* [Material provided]
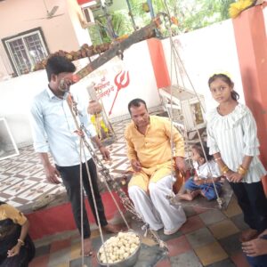 खाटू श्याम मंदिर पर मन्नत पूरी होने पर किया गया लड्डू से तुलादान।
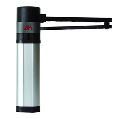 Elektromechanischer Drehtorantrieb 0,2 kW / 230 V mit Gelenkarm und Rutschkupplung. Für Torflügel bis zu 1,80 m und einem Torgewicht von max. 200 kg. Ideal zur Installation an schmalen Pfosten (wenn der Abstand zwischen dem Drehpunkt des Tores und der Innenkante des Pfostens max. 21 cm ist) und zur Vermeidung von Nischen bei großen Pfeilern. Benötigt Bodenendanschläge in Öffnung und Schließung und ein Elektroschloß zur Blockierung.
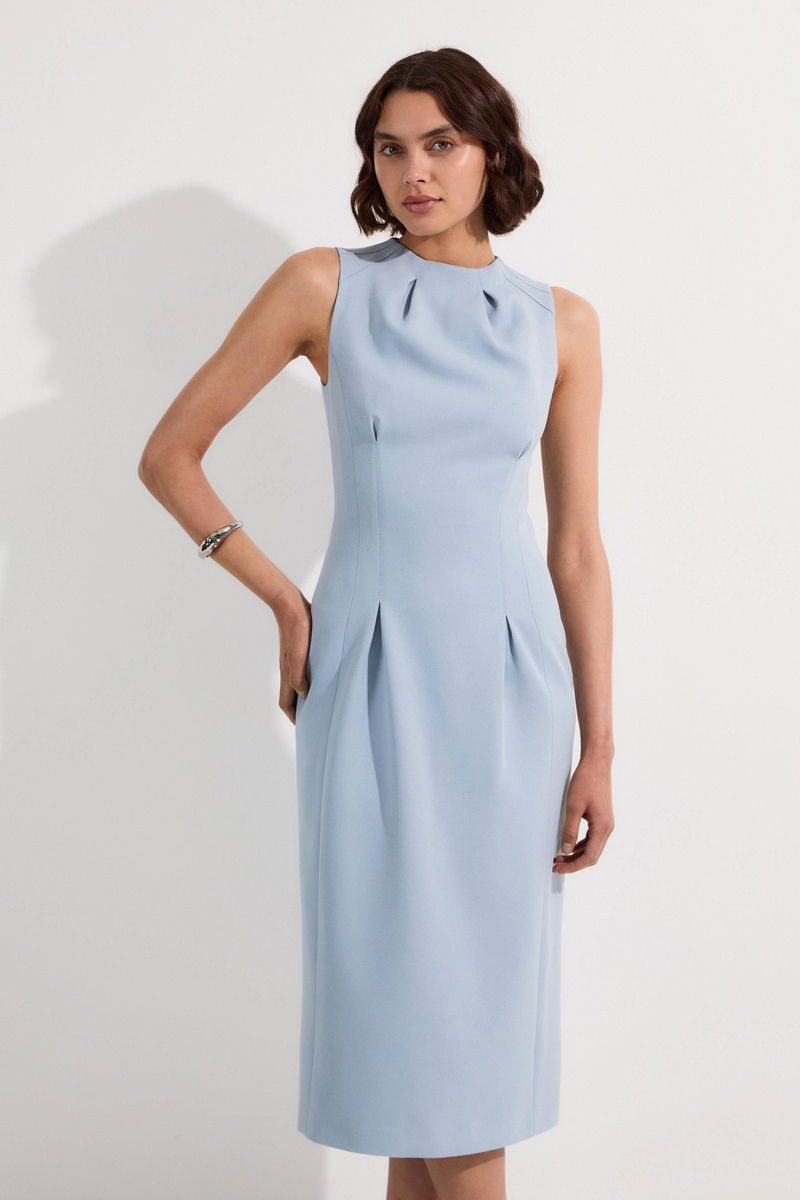 Tall Structured Crepe Sleeveless Tailored Pencil Midi Dress
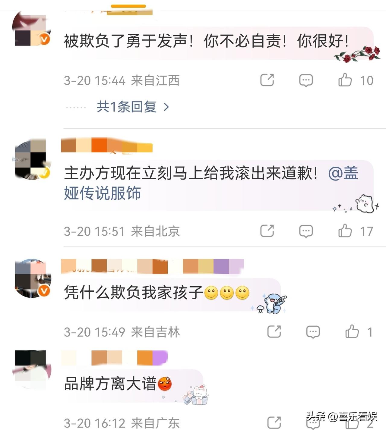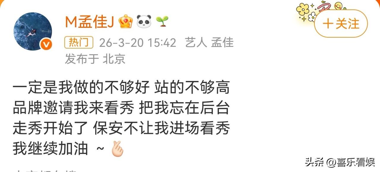 孟佳,高调发文 3月20日下午,女星孟佳因为一件离谱事冲上热搜了,看的粉丝网友气愤不已。 原来,孟佳在社交平台上,高调发文吐槽,说自己被品牌方邀请来看秀,结果居然被忘在后台了。 更让人无语的是,等走秀都开始了,保安还把她拦在门外,根本不让进场看秀。 光看文字都觉得尴尬,更别说当事人孟佳了,换谁遇到这种事都得懵。 被品牌方这样对待,孟佳表示“一定是我做的不够好,站的不够高”,看完真的让人心疼。 明明是品牌方邀请来的,结果安排得一团糟。 网友们看完也都气坏了,评论区全是替孟佳抱不平的声音。 有人直接喊“被欺负了勇于发声!你不必自责!你很好!”,还有人怒怼主办方“立刻马上给我滚出来道歉!”。 大家都觉得品牌方这操作也太离谱了,邀请人来又不好好安排,完全不尊重艺人。 还有粉丝心疼说“凭什么欺负我家孩子”,也有网友吐槽品牌方太没分寸,办活动连基本的接待都做不好。 其实孟佳一直都很敬业,不管是舞台还是工作都特别认真。 不管怎么样,希望孟佳能等到品牌方给她一个说法。 对此,你们怎么看?

* [Work required]
Pictures stay out of this copy. Retype exactly the lines from the one with "Elektromechanischer Drehtorantrieb 0,2" through the last line of the data, both ends included, and nothing more.

* [Solution for this problem]
 Elektromechanischer Drehtorantrieb 0,2 kW / 230 V mit Gelenkarm und Rutschkupplung. Für Torflügel bis zu 1,80 m und einem Torgewicht von max. 200 kg. Ideal zur Installation an schmalen Pfosten (wenn der Abstand zwischen dem Drehpunkt des Tores und der Innenkante des Pfostens max. 21 cm ist) und zur Vermeidung von Nischen bei großen Pfeilern. Benötigt Bodenendanschläge in Öffnung und Schließung und ein Elektroschloß zur Blockierung.
 Tall Structured Crepe Sleeveless Tailored Pencil Midi Dress
 孟佳,高调发文 3月20日下午,女星孟佳因为一件离谱事冲上热搜了,看的粉丝网友气愤不已。 原来,孟佳在社交平台上,高调发文吐槽,说自己被品牌方邀请来看秀,结果居然被忘在后台了。 更让人无语的是,等走秀都开始了,保安还把她拦在门外,根本不让进场看秀。 光看文字都觉得尴尬,更别说当事人孟佳了,换谁遇到这种事都得懵。 被品牌方这样对待,孟佳表示“一定是我做的不够好,站的不够高”,看完真的让人心疼。 明明是品牌方邀请来的,结果安排得一团糟。 网友们看完也都气坏了,评论区全是替孟佳抱不平的声音。 有人直接喊“被欺负了勇于发声!你不必自责!你很好!”,还有人怒怼主办方“立刻马上给我滚出来道歉!”。 大家都觉得品牌方这操作也太离谱了,邀请人来又不好好安排,完全不尊重艺人。 还有粉丝心疼说“凭什么欺负我家孩子”,也有网友吐槽品牌方太没分寸,办活动连基本的接待都做不好。 其实孟佳一直都很敬业,不管是舞台还是工作都特别认真。 不管怎么样,希望孟佳能等到品牌方给她一个说法。 对此,你们怎么看?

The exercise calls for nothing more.